An arithmetico-geometric sequence is the elementwise product of an arithmetic sequence and a geometric sequence. For example, 1 -4 12 -32 is the product of the arithmetic sequence 1 2 3 4 and the geometric sequence 1 -2 4 -8. The nth term of an integer arithmetico-geometric sequence can be expressed as

$$a_n = r^n \cdot (a_0 + nd)$$

for some real number \$d\$, nonzero real \$r\$, and integer \$a_0\$. Note that \$r\$ and \$d\$ are not necessarily integers.

For example, the sequence 2 11 36 100 256 624 1472 3392 has \$a_0 = 2\$, \$r = 2\$, and \$d = 3.5\$.

Input

An ordered list of \$n \ge 2\$ integers as input in any reasonable format. Since some definitions of geometric sequence allow \$r=0\$ and define \$0^0 = 1\$, whether an input is an arithmetico-geometric sequence will not depend on whether \$r\$ is allowed to be 0. For example, 123 0 0 0 0 will not occur as input.

Output

Whether it is an arithmetico-geometric sequence. Output a truthy/falsy value, or two different consistent values.

Test cases

True:

1 -4 12 -32
0 0 0
-192 0 432 -1296 2916 -5832 10935 -19683
2 11 36 100 256 624 1472 3392
-4374 729 972 567 270 117 48 19
24601 1337 42
0 -2718
-1 -1 0 4 16
2 4 8 16 32 64
2 3 4 5 6 7
0 2 8 24

False:

4 8 15 16 23 42
3 1 4 1
24601 42 1337
0 0 0 1
0 0 1 0 0
1 -1 0 4 16
  • 1
    FYI you can use inline math mode with \$ to write things like \$ a_{0} \$. – FryAmTheEggman Nov 20 at 2:28
  • Are two-term inputs indeed possible? There aren't any in the test cases. – xnor Nov 20 at 3:40
  • @xnor Trivially you can set \$r=1\$ or \$d=0\$ so the sequences aren't unique in that case, but the output should always be truthy – Giuseppe Nov 20 at 3:55
  • 1
    Suggest testcase 0 2 8 24, 0 0 1, 0 0 0 1 – tsh Nov 20 at 12:12
  • 1
    1 -1 0 4 16 would be a useful False case, since it shares four consecutive elements with each of the True cases 1 -1 0 4 -16 and -1 -1 0 4 16. – Anders Kaseorg Nov 20 at 22:33

Perl 6, 184 128 135 bytes

{3>$_||->\x,\y,\z{?grep ->\r{min (x,{r&&r*$_+(y/r -x)*($×=r)}...*)Z==$_},x??map (y+*×sqrt(y²-x*z).narrow)/x,1,-1!!y&&z/y/2}(|.[^3])}

Try it online!

Computes \$r\$ and \$d\$ from the first three elements and checks whether the resulting sequence matches the input. Unfortunately, Rakudo throws an exception when dividing by zero, even when using floating-point numbers, costing ~9 bytes.

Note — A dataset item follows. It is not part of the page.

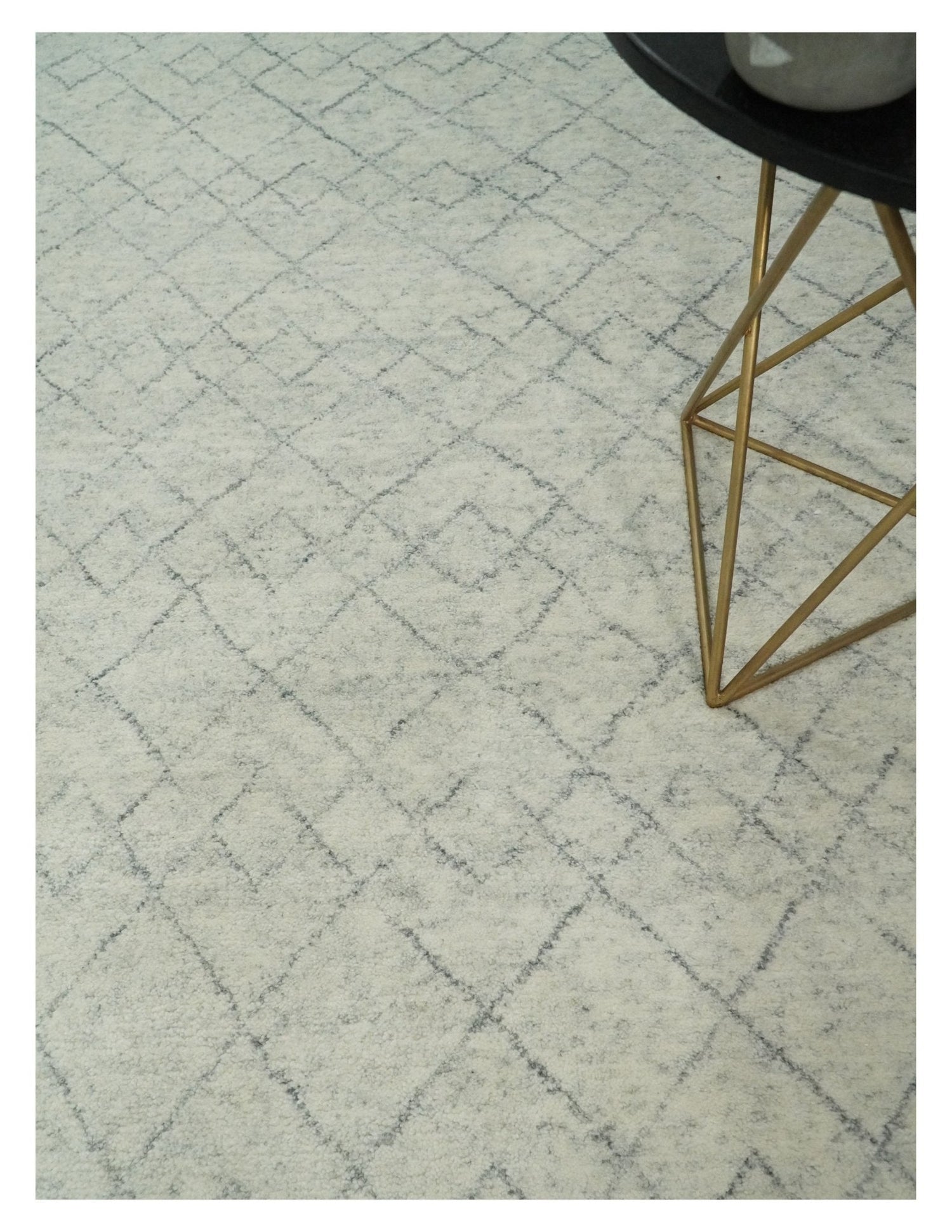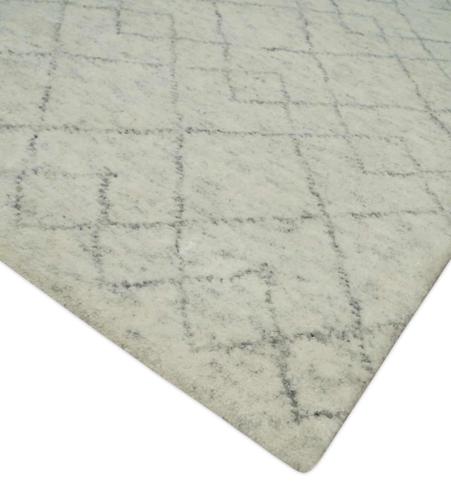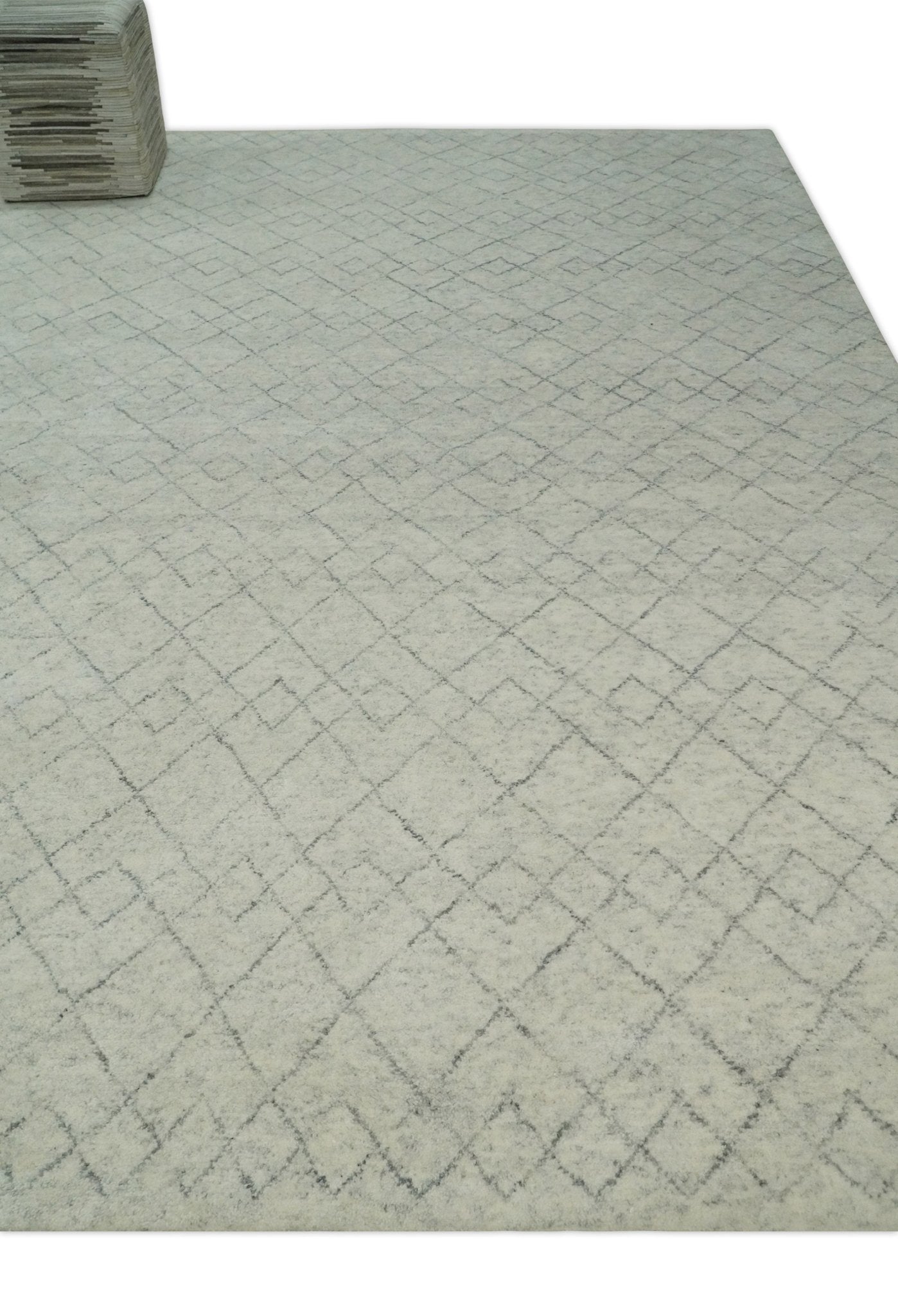 Hand Knotted Silver and Gray 9x12 Trellis Moroccan Rug Made with Fine Wool | TRDCP638912

Enumerates the sequence using \$a_n=r \cdot a_{n-1}+r^n \cdot d\$.

Some improvements are inspired by Arnauld's JavaScript answer.

Explanation

3>$_||  # Return true if there are less than three elements

->\x,\y,\z{ ... }(|.[^3])}  # Bind x,y,z to first three elements

# Candidates for r
x  # If x != 0
??map (y+*×sqrt(y²-x*z).narrow)/x,1,-1  # then solutions of quadratic equation
!!y&&z/y/2  # else solution of linear equation or 0 if y==0

?grep ->\r{ ... },  # Is there an r for which the following is true?

    ( ,                         ...*)  # Create infinite sequence
     x  # Start with x
       {                       }  # Compute next term
        r&&  # 0 if r==0
                (y/r -x)  # d
           r*$_  # r*a(n-1)
                          ($×=r)  # r^n
                +        *  # r*a(n-1)+d*r^n
                                     Z==$_  # Compare with each element of input
min  # All elements are equal?

JavaScript (ES7), 135 127 bytes

a=>!([x,y,z]=a,1/z)|!a.some(n=>n)|[y/x+(d=(y*y-x*z)**.5/x),y/x-d,z/y/2].some(r=>a.every((v,n)=>(v-(x+n*y/r-n*x)*r**n)**2<1e-9))

Try it online!

How?

We use two preliminary tests to get rid of some special cases. For the main case, we try three different possible values of \$r\$ (and the corresponding values of \$d\$, which can be easily deduced) and test whether all terms of the input sequence are matching the guessed ones. Because of potential rounding errors, we actually test whether all squared differences are \$<10^{-9}\$.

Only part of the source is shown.